With luck this year, I'll be able to pull another permit. I plan on a DIY hunt on private land that holds good numbers of bears. 

What should I use for bait? I have unlimited access to carp, as I spearfish and bowfish them all summer long, and I've got a giant empty freezer. Are fish any good? Or should I just stock up on sweets and breads in summer around me?

I can use a barrel...How should I set it up if I use one? Or should I just use a log pile?

How often should I freshen the bait before season? Is once a week enough? Or should I get the landowner to fill er up more frequently just before I hunt? 

Thanks in advance for the help!


----------



## tbrent (Aug 6, 2009)

not that i have a wealth of knowledge but my uncle a few years back did a hunt himself we went to local bakeries and and got the left overs then he went to local resteraunts and got the old grease. hope it helps


----------



## hunting fool (Mar 9, 2009)

fish will work good to start thr bait for they smell pretty bad and get the smell out in the air, after the bear find the bait though you will want to go to something sweet to keep them comeing back as far as a barrel cut the top off and place wood over the top make sure there are some holes to let the smell out then a brick for weight to keep out other animals the barrel works good for being able to tell the size of the bear


----------



## thunder river outfitters (Aug 21, 2007)

you might wanna use the fish at first, but switch to something sweet. last season we used the cheapest dog food we could find, mixed that with custard. that seemed to work perfect.


----------



## Pooh Bieri (Jan 19, 2010)

I never like using fish or meat, draws in the damn wolves.
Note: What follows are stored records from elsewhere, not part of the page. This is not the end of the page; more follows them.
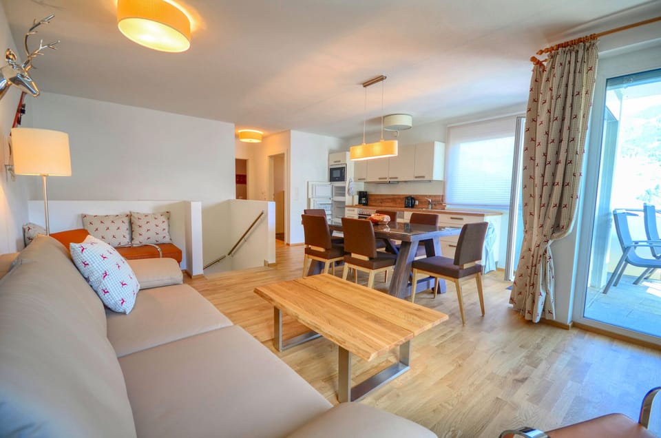 This apartment is furnished with contemporary Austrian fittings and boasts a large, wrap-around balcony facing south-east, as well as a cozy little garden.
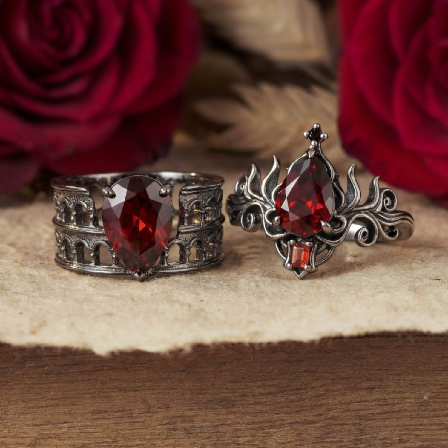 This red garnet ring is perfect as dark fantasy jewelry, a bold alternative engagement ring, or a unique gothic statement ring.
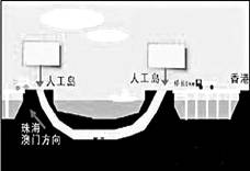 (福建省泉州市四校2010届高三上学期期末联考)2009年12月15日,港珠澳大桥正式动工,建成后,将成为世界最长的跨海大桥。港珠澳大桥会采用桥隧结合方式,大桥主体工程长29.6公里,桥贯通后,由香港开车到珠海或澳门,只需要15-20分钟,目前行船需1个小时。 读大桥设计图,回答12-13题。
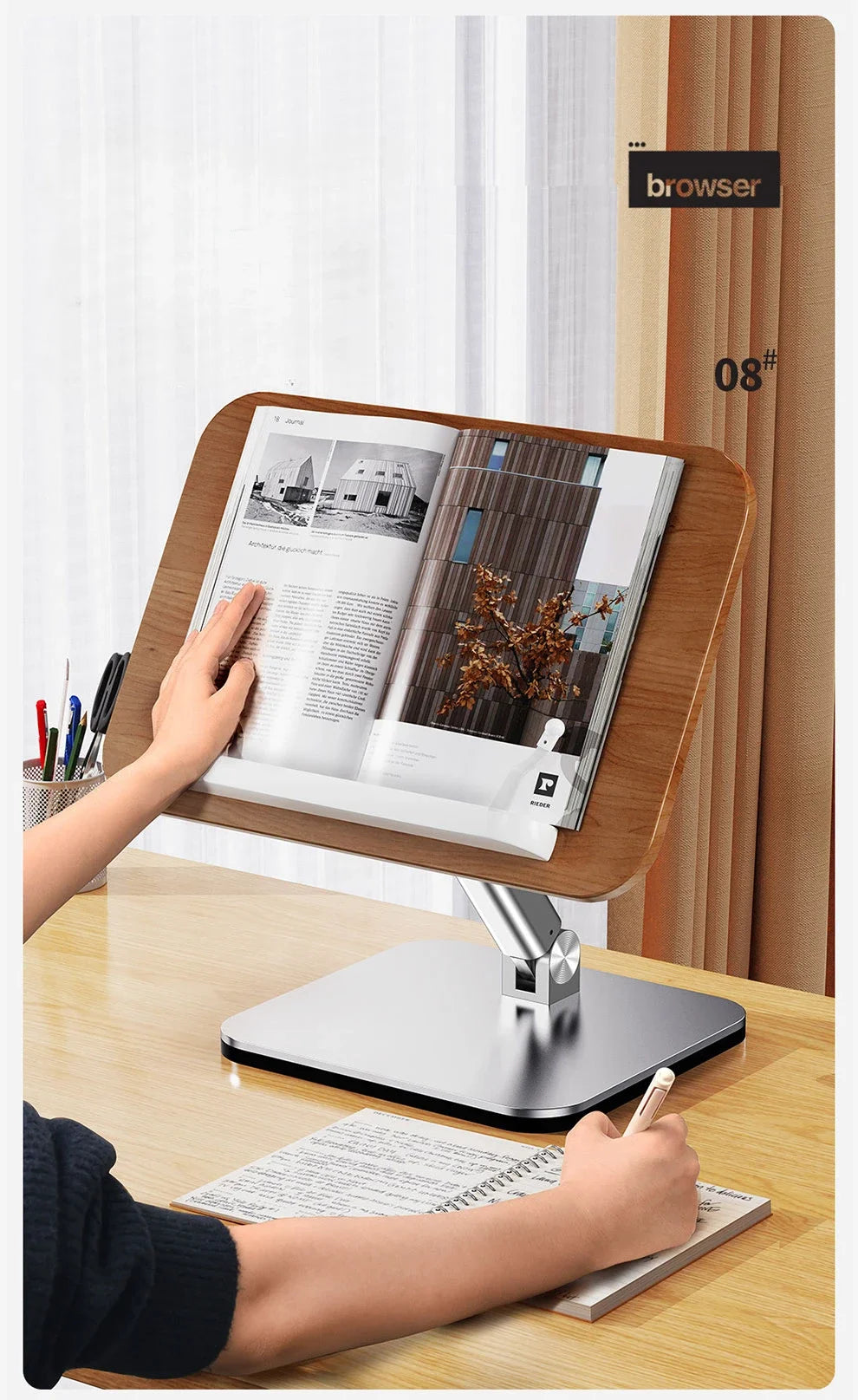 Oatsbasf Wood Reading Stand 23-31cm Height Adjustable Tablet Stand Holder Desktop iPad Stand 180° Angle Adjustable Book Bracket
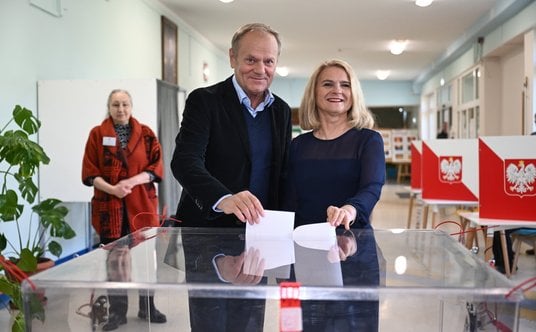 Premier Donald Tusk z żoną Małgorzatą oddali głosy w lokalu wyborczym w Sopocie.
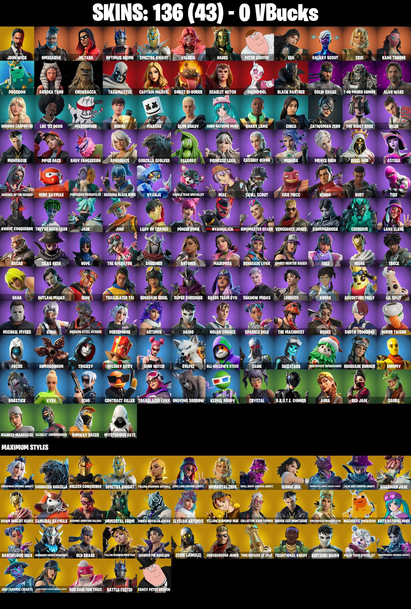β [PC/PSN/XBOX/NINTENDO/MOBILE] 136 SKINS | JOHN WICK | JOLTARA | MOON KNIGHT | GALAXY SCOUT | CHEWBACCA | CAPTAIN MARVEL | TASKMASTER | GHOST RI-DURRR | SCARLET WITCH | BLACK PANTHER | CATWOMAN ZERO | SLIM SHADY | NEKO HATSUNE MIKU | 0 VBUCKS | EMAIL
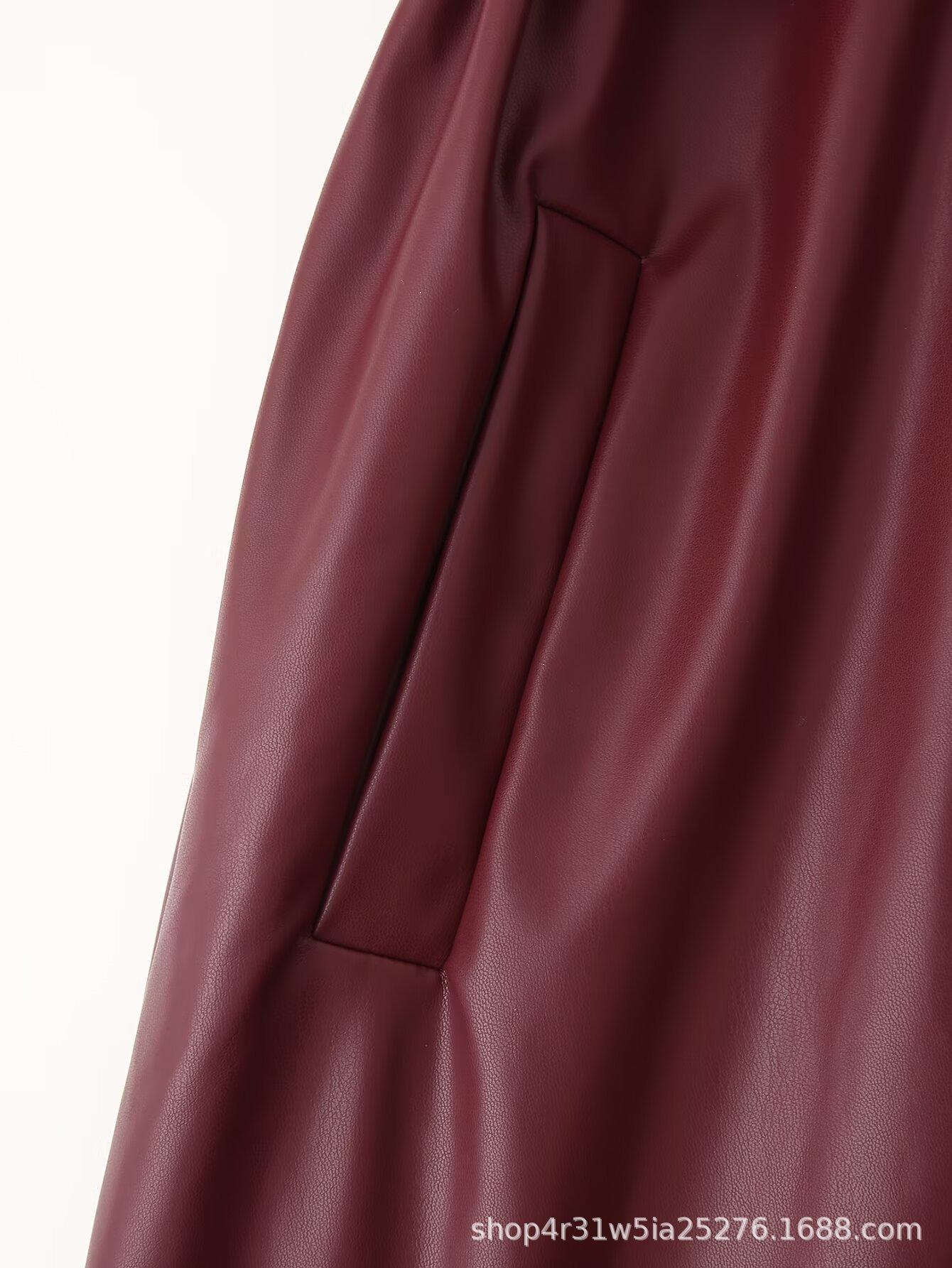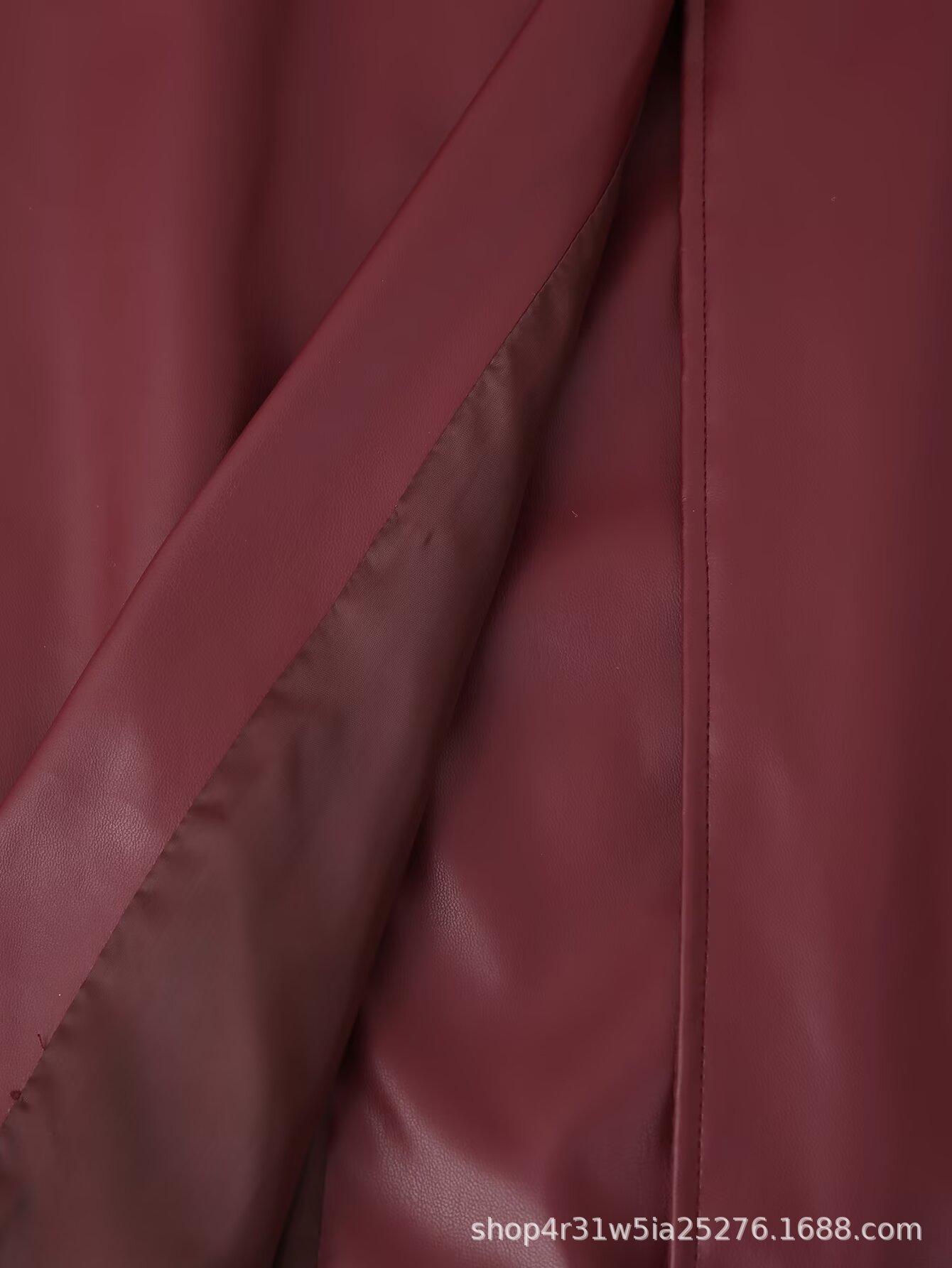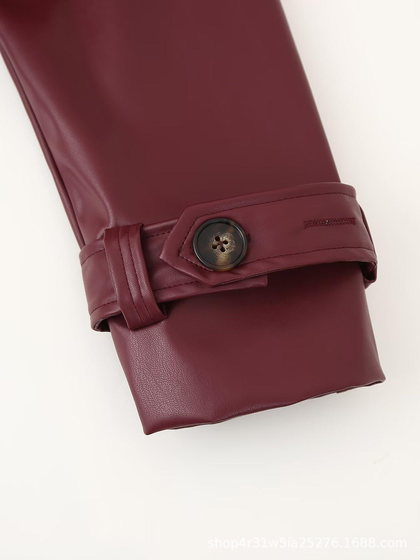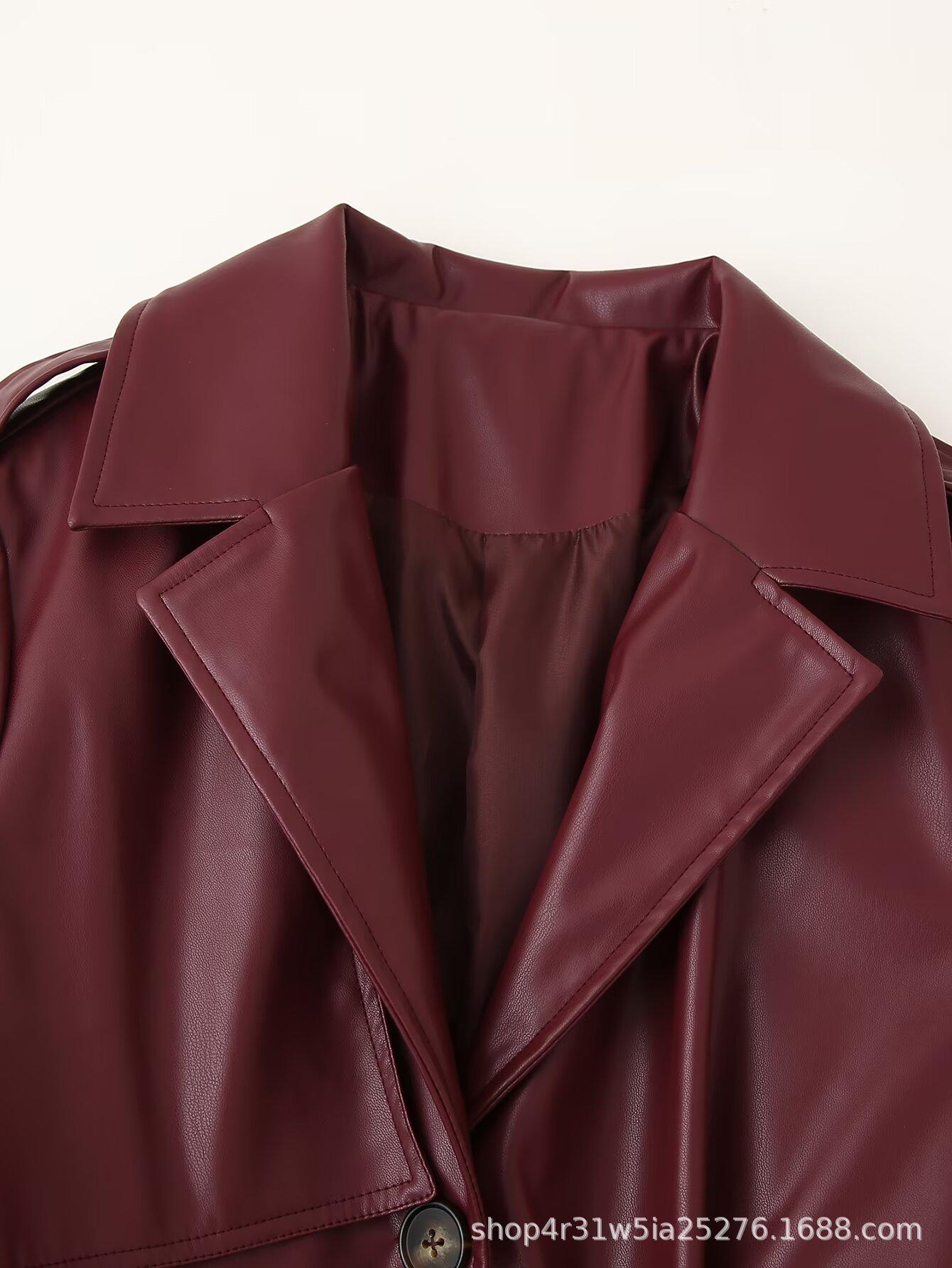 Europa y Estados Unidos Amazon venta al por mayor transfronteriza 2024 invierno nuevo abrigo trench largo de imitación cuero con solapa y cinturón para mujer

Use old cooking grease to get some stink in the air, then keep feeding them sweets, breads, dog food, ect.....


----------



## badjedi (Apr 30, 2008)

Doughnuts, granola & frosting worked the best for me.


----------



## Luv2hunteup (Mar 22, 2003)

Here's a link to what bait is legal when it contains grain. Who know; the definition may change by this coming fall. http://www.michigan-sportsman.com/forum/showthread.php?t=299077&highlight=bear+bait


----------



## sourdough44 (Mar 2, 2008)

I would use whatever bait/food you can scroung up. I would start with sweets though, you can put out the other stuff for when the good stuff is eaten. No, with an active pile once a week is not good. You & the bears need to get a routine. With a hot site bait just about every day the last 7-10 days. If you want to bait yourself maybe you could hook up with some local help. I already have 3 barrels of bait in position for next Fall.


----------



## tsddawson (Feb 26, 2010)

I'd use the fish but switch to the sweets. The sweets worked for me and I hung about 50 lbs of old venision up along with honey burns to get them in. The bald eagles sure liked the venison when I had 3 on the meat pole just before taking the 420lb bear!


----------



## tsddawson (Feb 26, 2010)

Did you get the custard in a 55 gallon drum from somewhere? Someone else in the bear check station was telling me where to get it but I forgot?


----------